Speaking and engaging in a language and via technology they understand
The greying of asset-rich baby boomers should be spurring a marketing push by financial advisers looking to build a pipeline of millennial prospects now in the wealth-accumulation phase. Attracting the next generation of client now, even if their net worth may be puny, is key to the long-term survival of all financial service providers in the future.
Generation X and Generation Y
The way financial advisers communicate with Generation X and Generation Y needs to be different from how they relate to wealthier clients in or near retirement. Marketing to these generations successfully means speaking and engaging with them in a language and via technology they understand.
Ask yourself this critical question: how can I build an important connection to the next generation of my clients’ children?
Transformation of other industries
With the rise of Artificial Intelligence and automation, robo-advice will increasingly be the next logical step in the evolution of the advice your clients’ children seek. These Generation X and Generation Y clients have new thinking patterns, standards and expectations. They think about advice differently from previous generations and expect to interact with their adviser in a different way.

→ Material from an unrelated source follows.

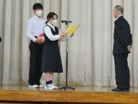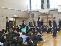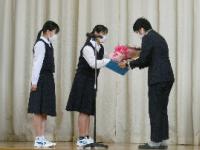 式が始まり、代表生徒がお礼の手紙を読み、先生が話し始めると、生徒たちは1人1人の話をじっくりと聞いていました。
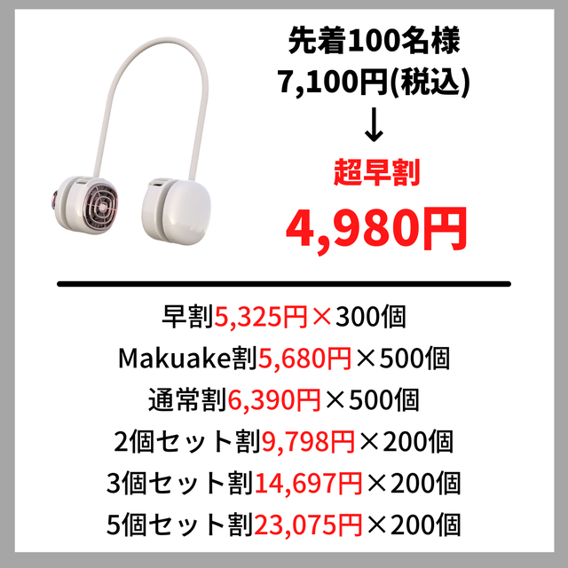 【Makuake割 先着500名】ポータブル首掛け扇風機

Technology is poised to change the nature and delivery of financial advice in some significant ways, much as it has transformed other industries such as tax preparation, taxi booking and accommodations, to mention just a few, it’s also possible to claim for R&D tax credits and there are services out there to help with that, for example see these R&D tax credit examples for more information.
Leveraging client survey data
The reality is that the younger generation of clients are changing the way they obtain advice and how they discover products, thanks to these new technologies, innovative business models and disruptive brands. Whether we like it or not, robo-advisers are growing in popularity with these generations and have gained traction in the marketplace.
In the last five years, a number of robo-advisers have emerged. These firms are leveraging client survey data into complex algorithms that produce customised financial plans and asset allocations. They are also helping investors find relevant research within an ever-growing universe of studies, interviews and market commentaries.
Shift from human-based, person-to-person advice
Some firms have also pioneered tools and methodologies that generate real-time trade and investment recommendations tailored to individual investors’ history and preferences. Once the models and algorithms have been built and tested, investing and trading tools can be made available to clients with limited human intervention, emphasising the shift from human-based, person-to-person advice to science-based, model-driven advice and these tools can be found in sites like day-traders.net.
Paradoxically, many clients’ lives have become increasingly more complicated, and the investment environment has grown more uncertain, creating a need for more face-to-face advice, not less. For instance, as they try to achieve multiple goals (for example, sustaining a certain lifestyle, buying a second house, paying for children’s education, retiring with confidence and ease, funding rising healthcare cost of ageing parents, etc.), they will need personal advice on how to fund these multiple goals over time, how to make trade-offs between them, and how to use the full strength of their personal balance sheet and manage to the right mix of assets and liabilities over time.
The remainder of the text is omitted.